【松本 vs 熊本】 ウォーミングアップコラム:下川陽太に刺激を与える、ふたりの『田中』

2018年9月22日(土)


「決して今の順位にいるチームではない」と反町康治監督が評するのは、松本が今節に相対する熊本だ。前節は東京Vから勝点1をしぶとく奪取するなど、残留争いからの脱却を目指して士気は高いだけに難敵である。

要注意人物は数多いが、特に6得点11アシストを記録するなどリーグ屈指のサイドプレーヤーとして成長を遂げた田中達也の封印は、今節の松本に与えられた命題となる。
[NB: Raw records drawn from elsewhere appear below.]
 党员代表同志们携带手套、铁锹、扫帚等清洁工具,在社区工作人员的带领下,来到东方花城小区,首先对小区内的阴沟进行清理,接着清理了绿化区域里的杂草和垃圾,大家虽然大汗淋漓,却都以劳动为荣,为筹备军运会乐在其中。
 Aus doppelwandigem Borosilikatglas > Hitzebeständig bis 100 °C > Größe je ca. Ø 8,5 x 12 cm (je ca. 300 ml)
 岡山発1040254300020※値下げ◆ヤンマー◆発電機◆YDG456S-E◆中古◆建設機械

右も左も両方できるため、どちらに配置されるかは分からないが、危険人物であることに変わりはない。同じWBとして対峙する可能性のある下川陽太(写真)も警戒を隠さない。

「熊本の攻撃の起点になっていて、逆に田中選手を抑えることで熊本の攻撃は機能しなくなるんじゃないかなと思うくらい強烈な選手。天皇杯でも開幕前キャンプの練習試合でもマッチアップしているが、縦に速いし、クロスの精度も高い。とにかく嫌な選手という印象が強いです」

反町監督は前節・山口戦の試合後にメンバーの変更も示唆しており、前への推進力を特長とする新卒ルーキーが先発起用されても不思議ではない。もしチャンスが与えられたならば絶対に逃すわけにはいかない。第31節・水戸戦から先発復帰を果たし、高いパフォーマンスを発揮し続けている田中隼磨のように。

「ハユさんは出場機会の限られていた時からトレーニングから気を抜かずにやってきて、練習試合でもゴールやアシストを記録してきた。だからこそ、いざ試合に出た時でも結果を出すことができる。そういう姿勢は見習わないといけないし、僕もそういう選手になっていきたい」

田中隼磨の姿勢を見習って、田中達也を封じ込む――。ラストスパートを前に更なる飛躍を期す下川に、ふたりの『田中』が大きな刺激を与えている。